Monday, May 24, 2010

Chores

The NY Times has a piece today by Benedict Carey on the videotape study of 32 Los Angeles families, carried out in 2002-2005 by anthropologists from UCLA. Each family was paid $1000 to fill out extensive questionnaires and let the film crews videotape them for a week. All of the families were middle class, and both parents had full-time jobs. One of the study leaders calls the result “the richest, most detailed, most complete database of middle-class family living in the world.”

I am intrigued by this sort of thing because I wonder how we get our ideas of how to parent and what family life should be like. How many families do any of us know well before we get married? Our own, and maybe one other if we have a childhood best friend. And yet somehow we form ideas about how things ought to be that are often at odds with how we grew up. Is it television? Are we projecting into family life ideas we develop in other areas, like, we believe in fairness and gender equality, so we imagine how those ideas will work out in our future families?

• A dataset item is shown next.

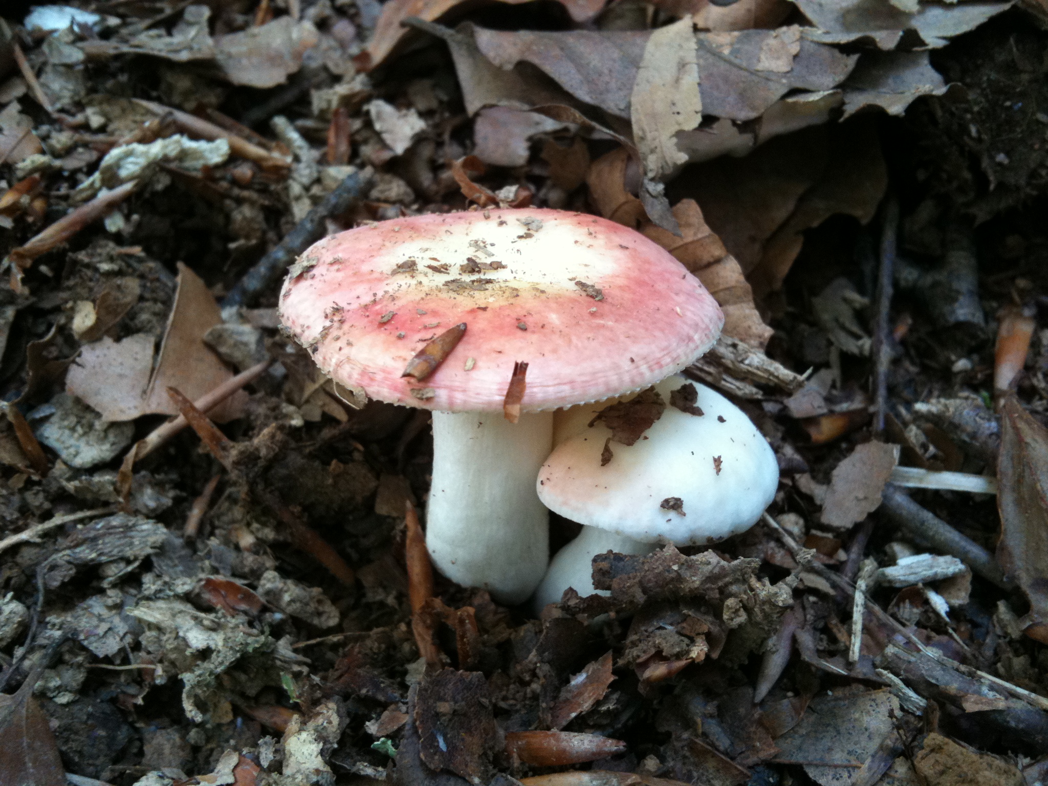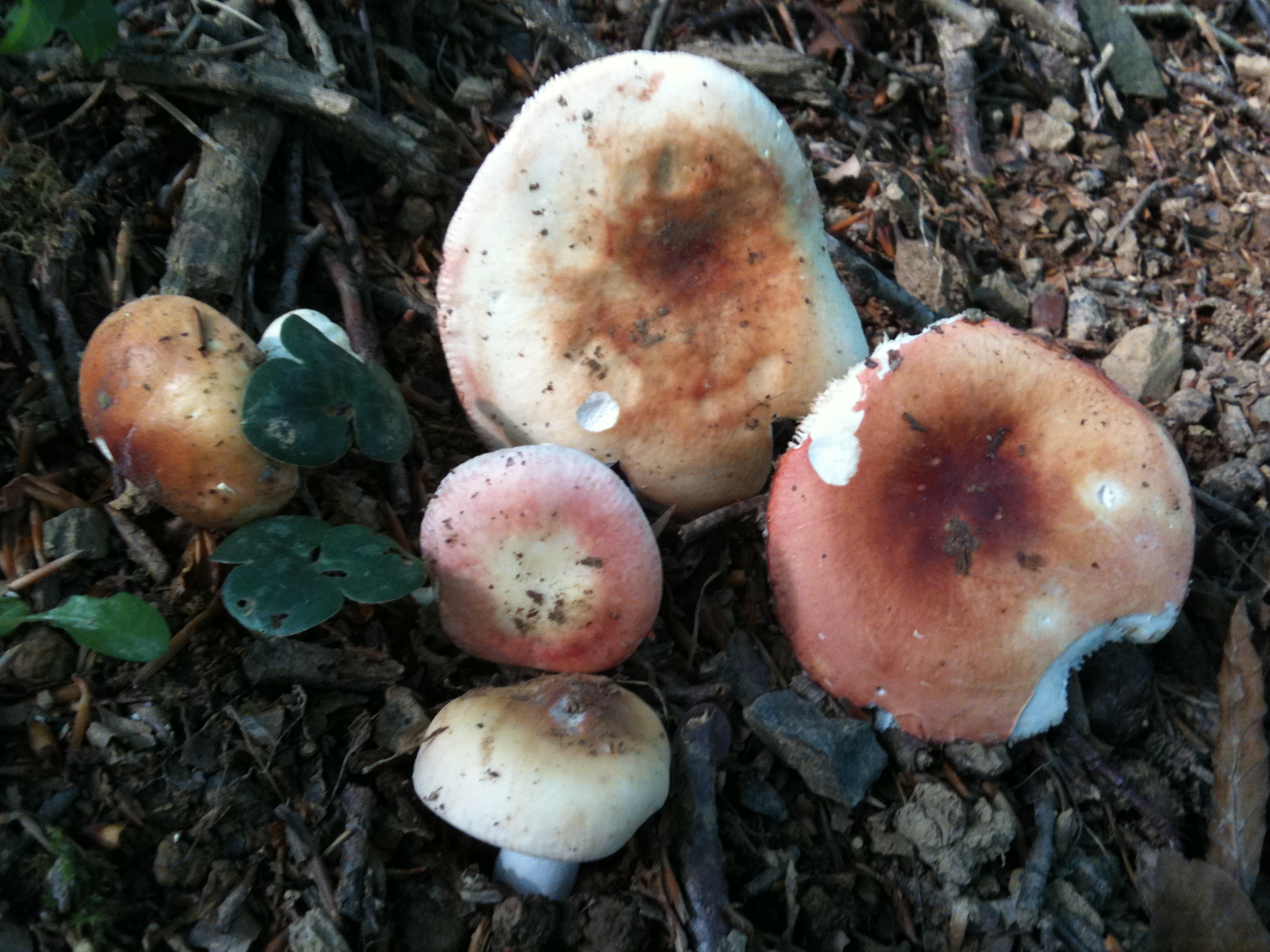 Por orden de aparición y a juicio del presente, Russula vesca, Russula nobilis, Russula faginea o Russula integra, y la Amanita probablemente sea

Consider the age-old question of how much children should be asked to help around the house. We have very little success getting our children to do housework. They exact such a high price for any effort that it is generally easier and quicker for me to do things myself than to get one of my children to do them. I could bully them into doing more, but I prefer to reserve my strongest efforts in that regard for getting them do their homework. Anyway, it seems that nobody else in America gets much work out of children, either:
Mothers still do most of the housework, spending 27 percent of their time on it, on average, compared with 18 percent for fathers and 3 percent for children (giving an allowance made no difference).
The researchers also took spit samples from family members four times a day, to measure the levels of cortisol, a stress hormone. It seems that stress is lowest where there rigid rules about who will do what, rather than an ongoing negotiation. And this is certainly true in dealing with my children. One of Lisa's greatest innovations is a schedule that specifies who will unload the dishwasher on any given day; as long as we keep to the schedule, the dishwasher gets unloaded with minimum fuss. But should the schedule get out of whack, say beecause someone is gone all day on his or her unloading day, mayhem ensues.

And, again, I wonder how it happens that all the families in America have the same problems, when parents and children are so different from each other in so many ways.